Well, I disagree. In fact, 2016 was the greatest year of my life. I become a father for one thing (predictably momentous/lifeaffirming etc). Yet even more significantly, Leicester City won the English Premier League.
Leicester itself is a fairly glum city in the Midlands. Even its Latin motto seems purposebuilt to dampen expectations – “semper eadem” translates to “always the same”. Growing up in the city’s sleepy suburbs, I was compelled to follow the local team. My dad took me to my first game when I was nine and we stood in the rain to watch the Mighty Foxes scrape a 0-0 draw with Luton Town.
But somehow I was hooked. Over the years I followed Leicester each week as they yo-yoed between the divisions, scrapping their way between relegation dog-fights and the odd promotion push. I travelled with mates for away games at Peterborough and Brentford. I wept at Wembley after playoff final defeats (losing 4-3 to Swindon in ’93 still hurts).
During our spasmodic forays into the Premier League, my hopes were contained mainly for emotional self-preservation. At the start of that 2015-2016 season, all I wanted was to consolidate our top-flight position.

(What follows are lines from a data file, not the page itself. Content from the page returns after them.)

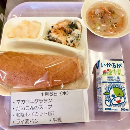 本日の献立は、マカロニグラタン、大根のスープ、ライ麦パン、和梨(カット缶)、牛乳です。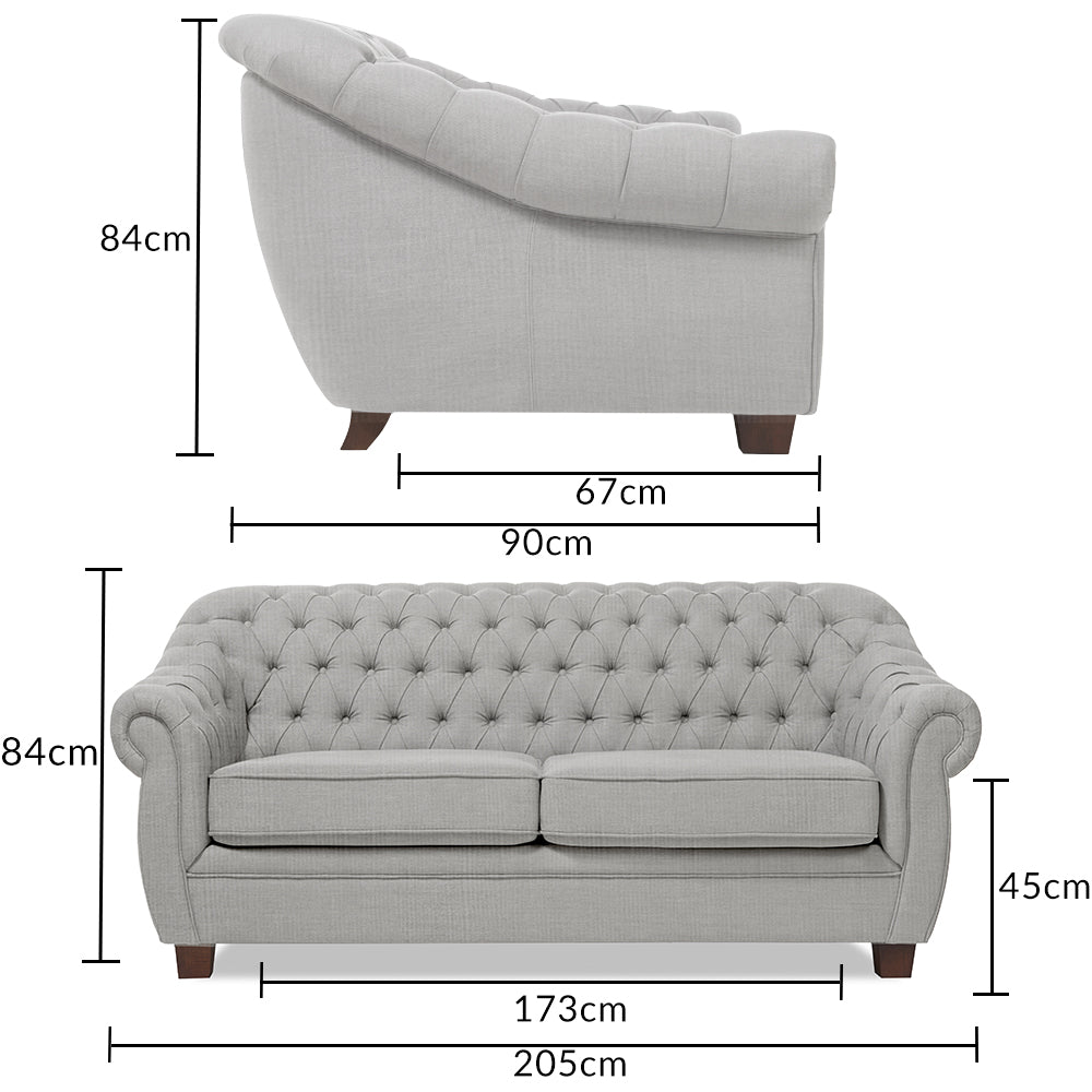 With its Chesterfield-inspired details and generously padded body, the Eva Chesterfield Grey Linen Fabric 3 Seater Sofa offers modern-day comfort combined with timeless style. Able to seat three people, this sofa boasts classic features such as a deep-buttoned back, scroll arms and small but sturdy solid ash legs. Its chic grey linen upholstery ensures that this stylish sofa will fit well with numerous interior colour schemes – and the two matching free cushions make for a fully thought-out and well accessorised look. S-sprung seats create a firm and supportive sit.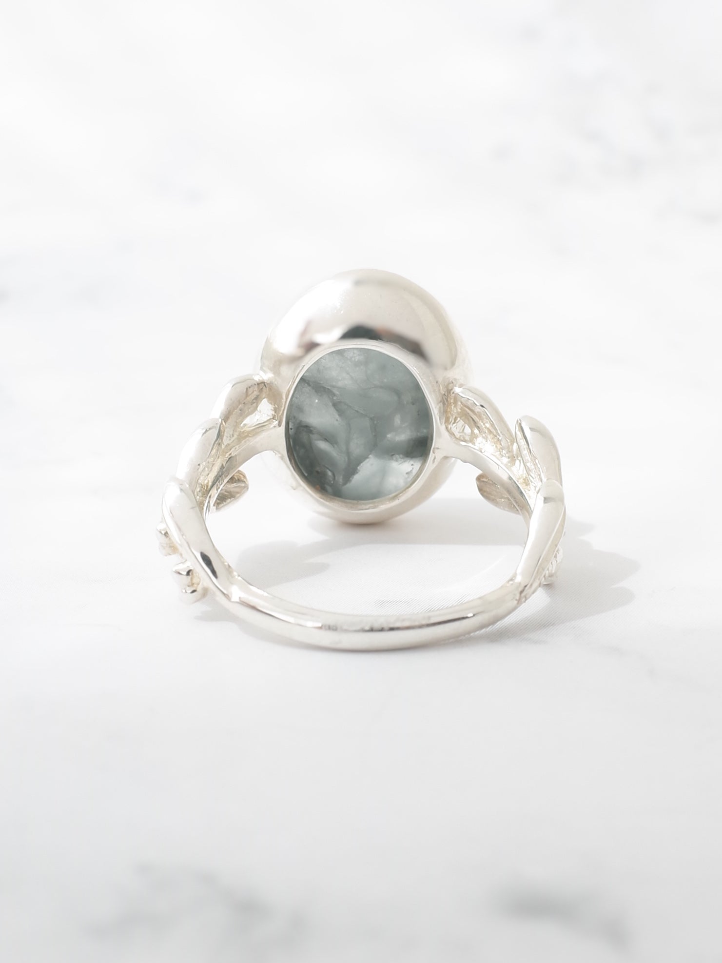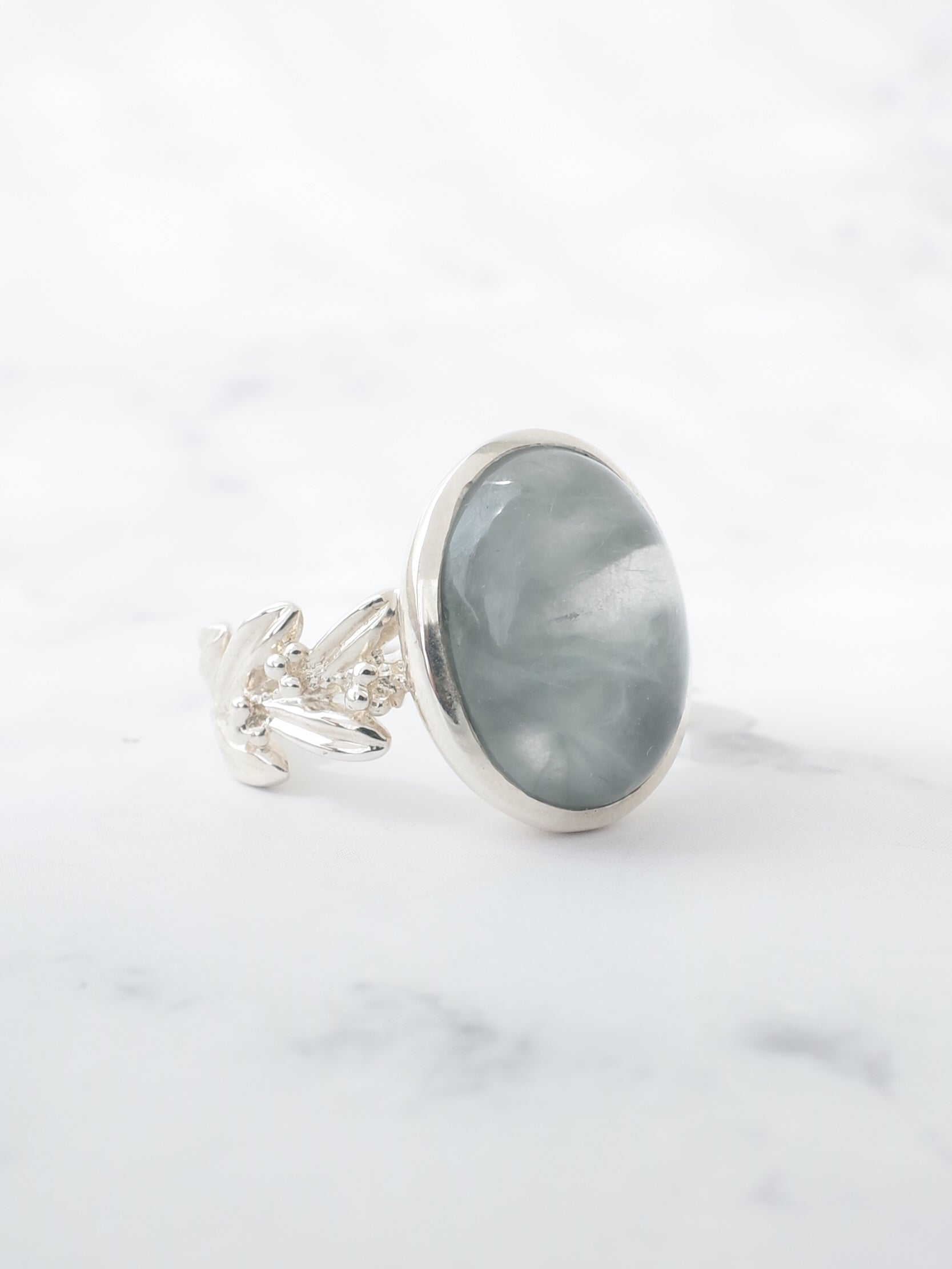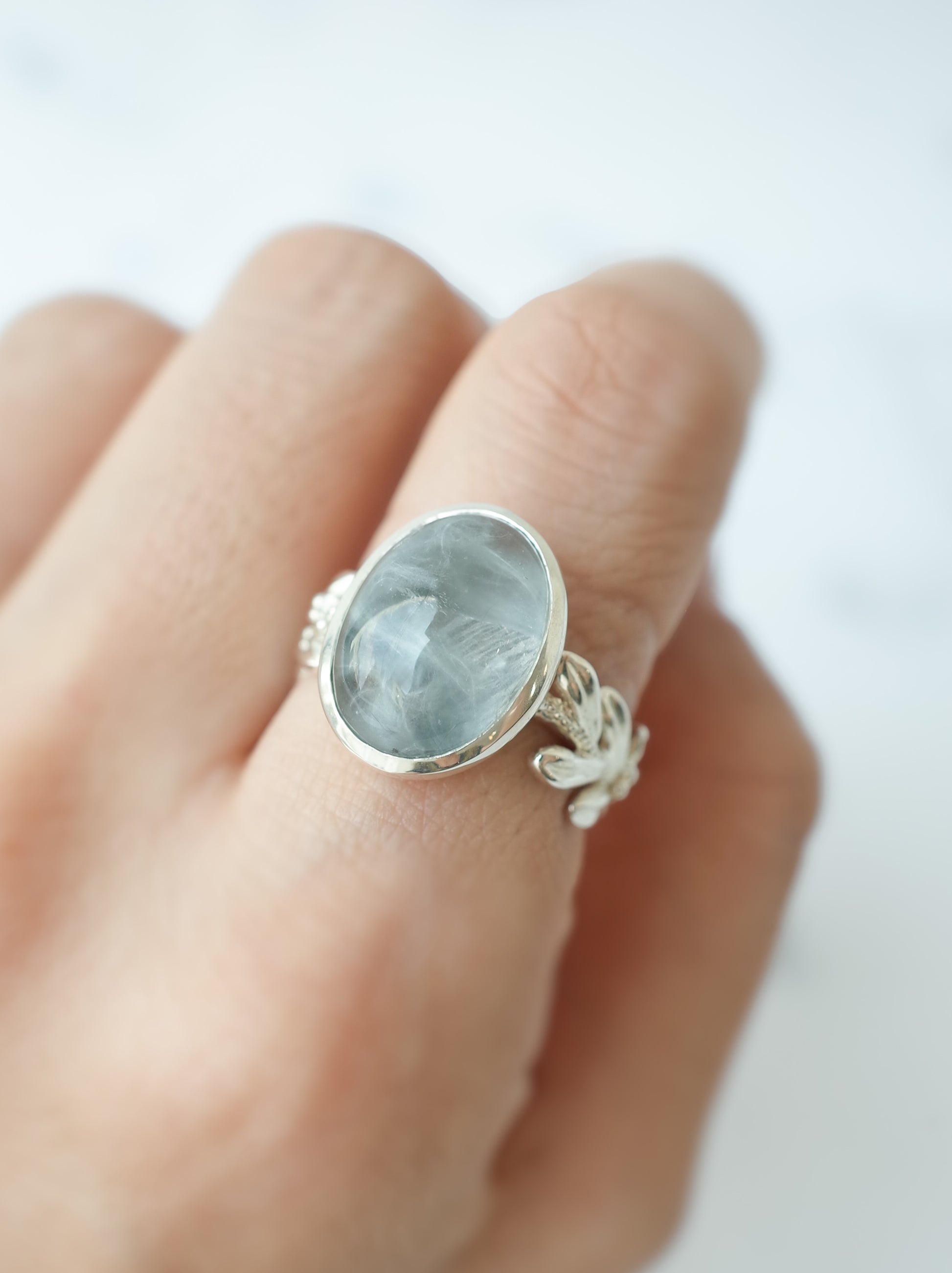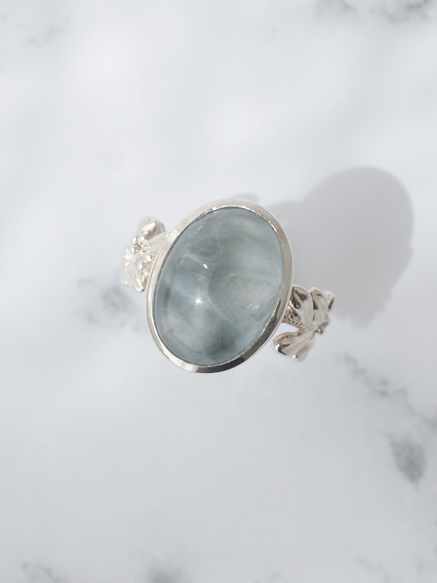 独特な色合いのふわふわとした繊維状のインクルージョンが魅力的なアンフィボールインクォーツのリング。一般的に白〜暖色が多い天然石ですが、こちらはシックなブルーグレーの色合いで、内部に水晶の結晶が見られる珍しいタイプです。

After barely dodging relegation the previous year, I’d have settled for 17th place.
What happened instead was a fairy tale. Overnight Jamie Vardy, Leicester’s formerly wayward striker, was transformed into a jet-propelled goal-machine. Midfield hustler N’golo Kante won more tackles than any other player in the league. Twig-legged winger Riyad Mahrez – an unheralded £450,000 signing from the French second division – shimmered through defences to become the PFA Player of the year. Our backline of ageing journeymen was suddenly unbreakable. And Leicester won the league by 10 clear points.
To put this achievement into perspective, the odds for Kim
Kardashian becoming a future President of the United States were 2000-1. The bookies put Leicester’s chances of winning the league at 5000-1.
Not that I ever considered backing them. Each season I’ll wind up sticking $20 on Leicester as long shots to win the FA Cup (anything can happen in sudden-death competition). But the notion of winning the league existed in some lunatic realm way beyond rational thought.
Luckily, sport has zero respect for sanity - really, it’s a romantic at heart. Leicester’s crazy season taught me that you don’t always have to temper your expectations. Sometimes you just need to dream bigger.
Jamie Vardy stokes the Leicester faithful.